▶ HOW TO COMPLETE THIS TASK: Below are entries; copy exactly the lines from the one with "This paper solves" through the one with "Festive print light", both included, and leave out the rest.

▶ RECORDED DATA:
· · · · ·

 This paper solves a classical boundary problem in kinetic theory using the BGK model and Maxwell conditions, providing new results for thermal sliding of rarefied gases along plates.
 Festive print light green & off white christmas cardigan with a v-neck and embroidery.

· · · · ·

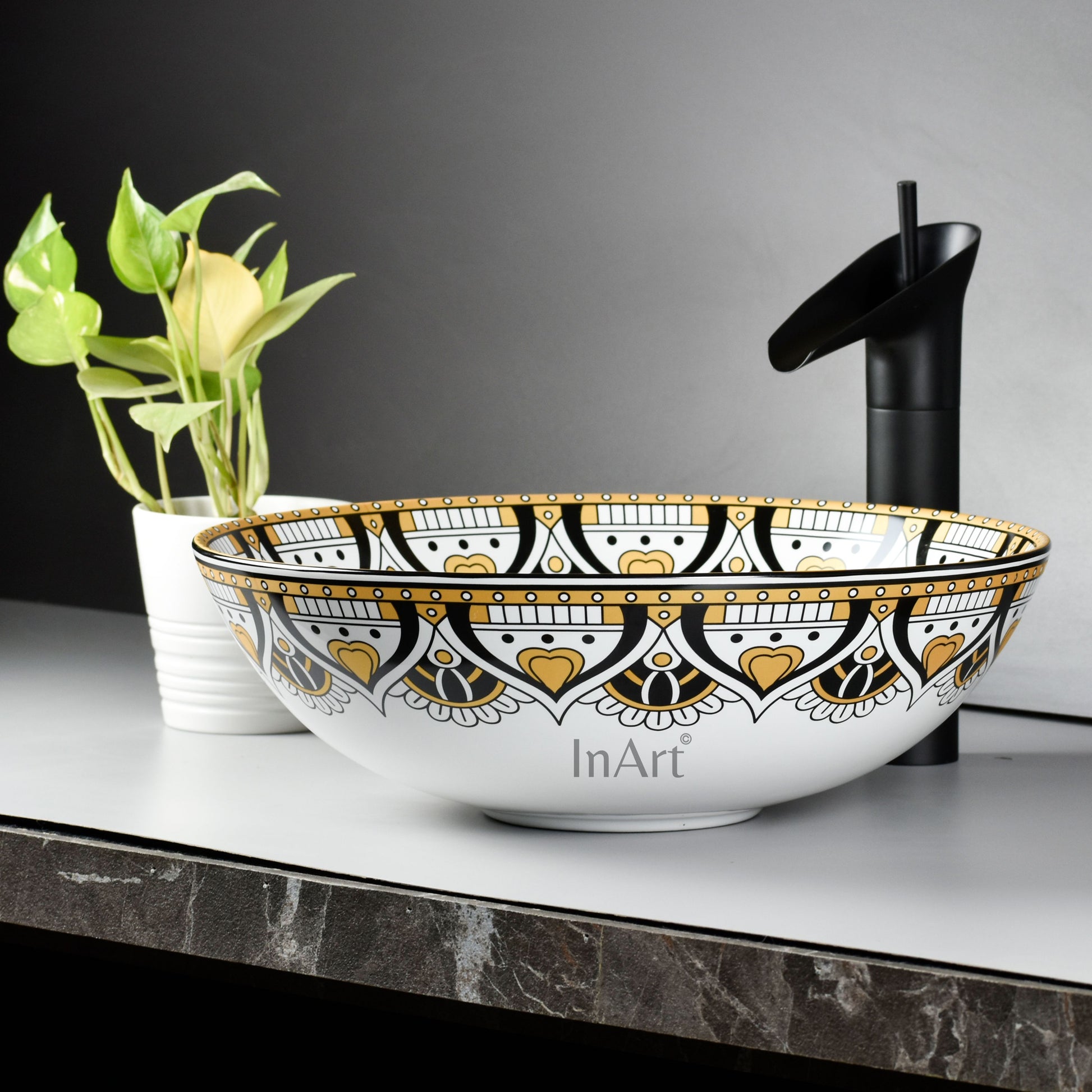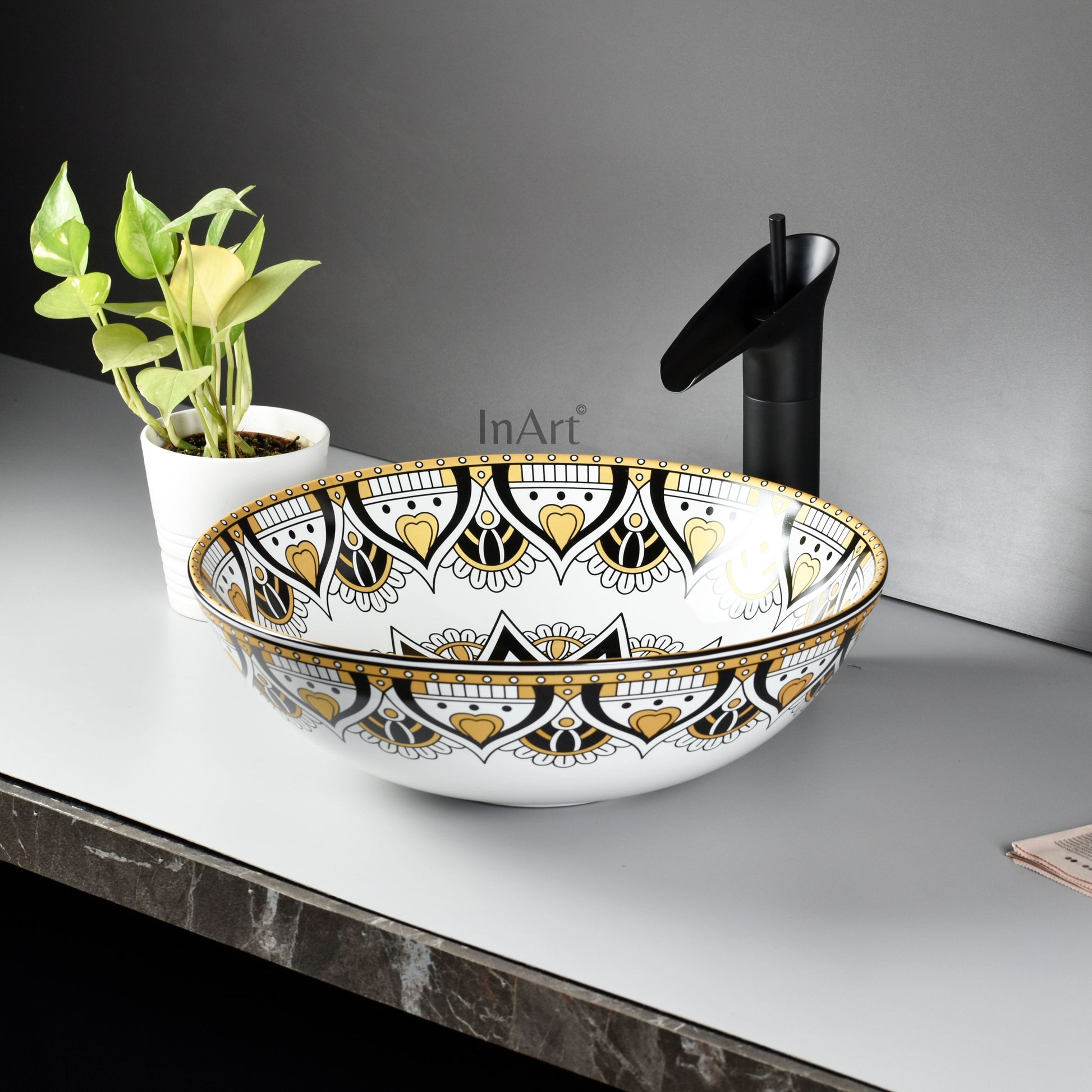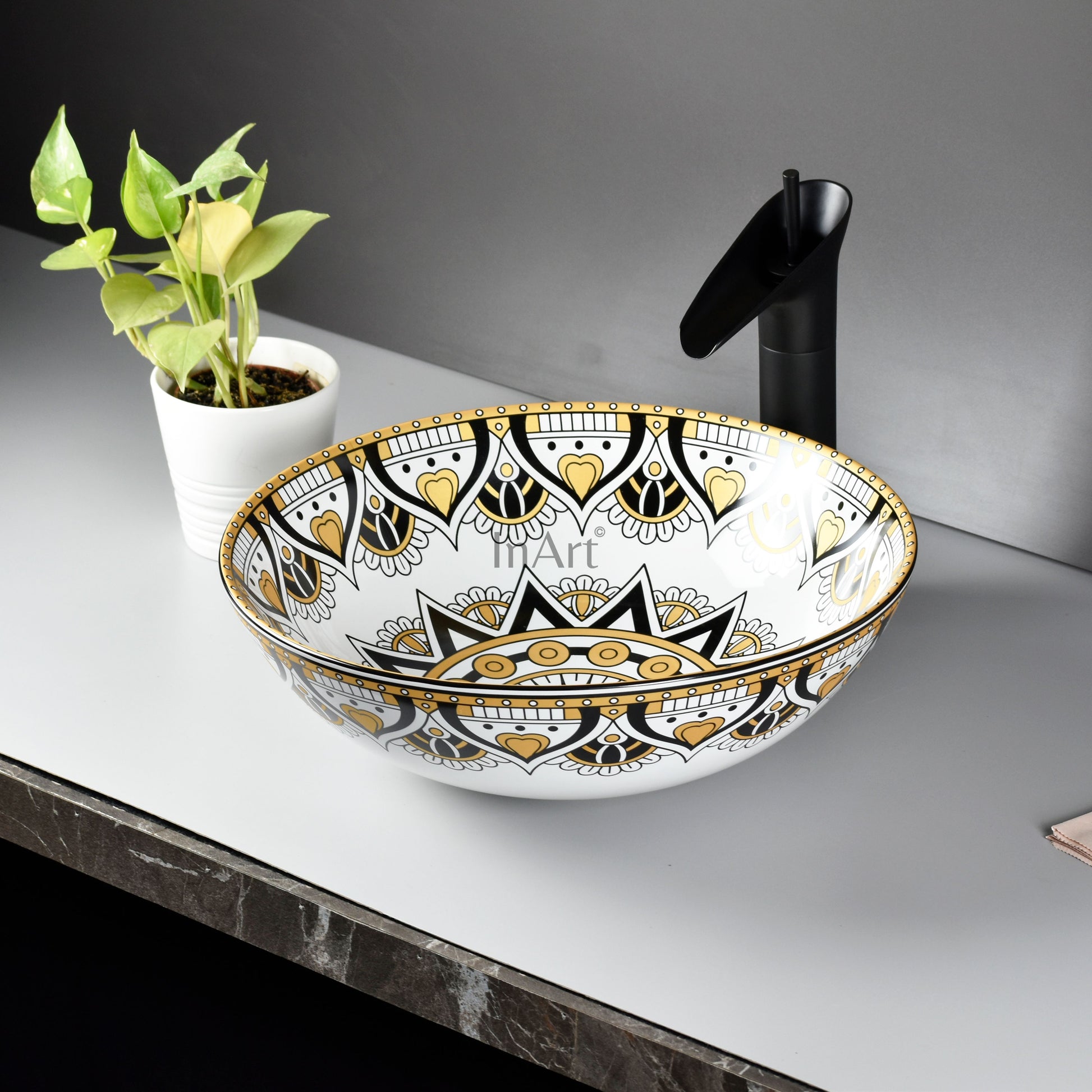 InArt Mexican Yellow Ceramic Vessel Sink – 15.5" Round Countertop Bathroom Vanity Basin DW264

· · · · ·

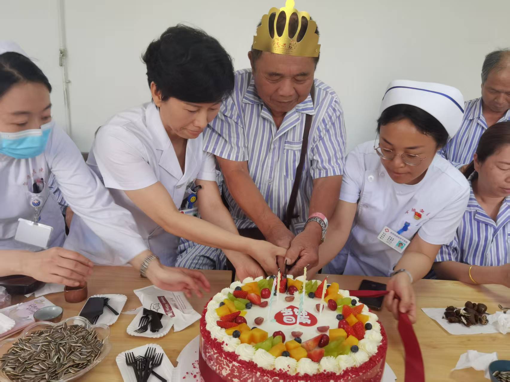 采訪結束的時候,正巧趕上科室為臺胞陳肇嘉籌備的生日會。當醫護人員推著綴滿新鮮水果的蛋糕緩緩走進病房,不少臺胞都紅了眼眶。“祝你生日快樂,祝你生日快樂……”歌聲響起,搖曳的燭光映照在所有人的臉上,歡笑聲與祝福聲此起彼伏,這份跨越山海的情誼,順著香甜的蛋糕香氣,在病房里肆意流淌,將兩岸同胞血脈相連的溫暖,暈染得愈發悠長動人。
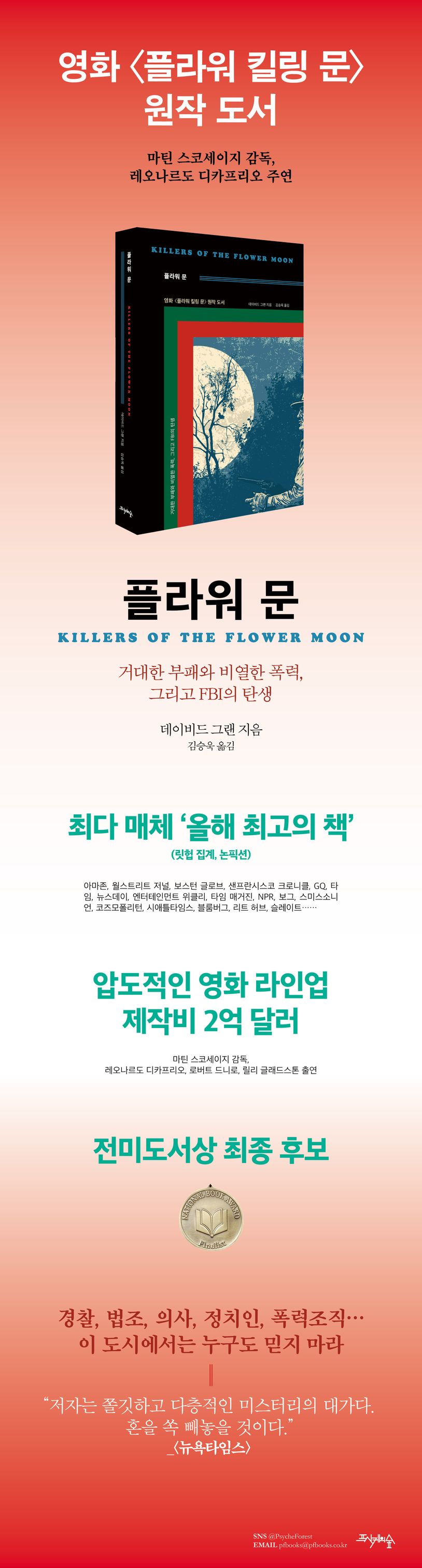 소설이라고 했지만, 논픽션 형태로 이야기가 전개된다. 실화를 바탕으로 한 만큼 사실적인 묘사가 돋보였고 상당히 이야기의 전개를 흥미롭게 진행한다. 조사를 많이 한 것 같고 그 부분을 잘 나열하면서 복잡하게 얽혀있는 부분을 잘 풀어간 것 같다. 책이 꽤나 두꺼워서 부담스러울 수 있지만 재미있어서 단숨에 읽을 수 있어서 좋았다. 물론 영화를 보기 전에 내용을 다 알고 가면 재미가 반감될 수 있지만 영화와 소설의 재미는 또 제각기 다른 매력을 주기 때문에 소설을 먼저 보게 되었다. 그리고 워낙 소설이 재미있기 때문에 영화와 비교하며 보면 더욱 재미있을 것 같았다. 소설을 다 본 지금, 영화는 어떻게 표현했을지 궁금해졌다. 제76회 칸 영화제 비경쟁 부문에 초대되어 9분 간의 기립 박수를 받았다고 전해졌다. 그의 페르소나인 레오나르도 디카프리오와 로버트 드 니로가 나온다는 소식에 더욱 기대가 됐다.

· · · · ·

▶ ANSWER TO THIS EXERCISE:
 This paper solves a classical boundary problem in kinetic theory using the BGK model and Maxwell conditions, providing new results for thermal sliding of rarefied gases along plates.
 Festive print light green & off white christmas cardigan with a v-neck and embroidery.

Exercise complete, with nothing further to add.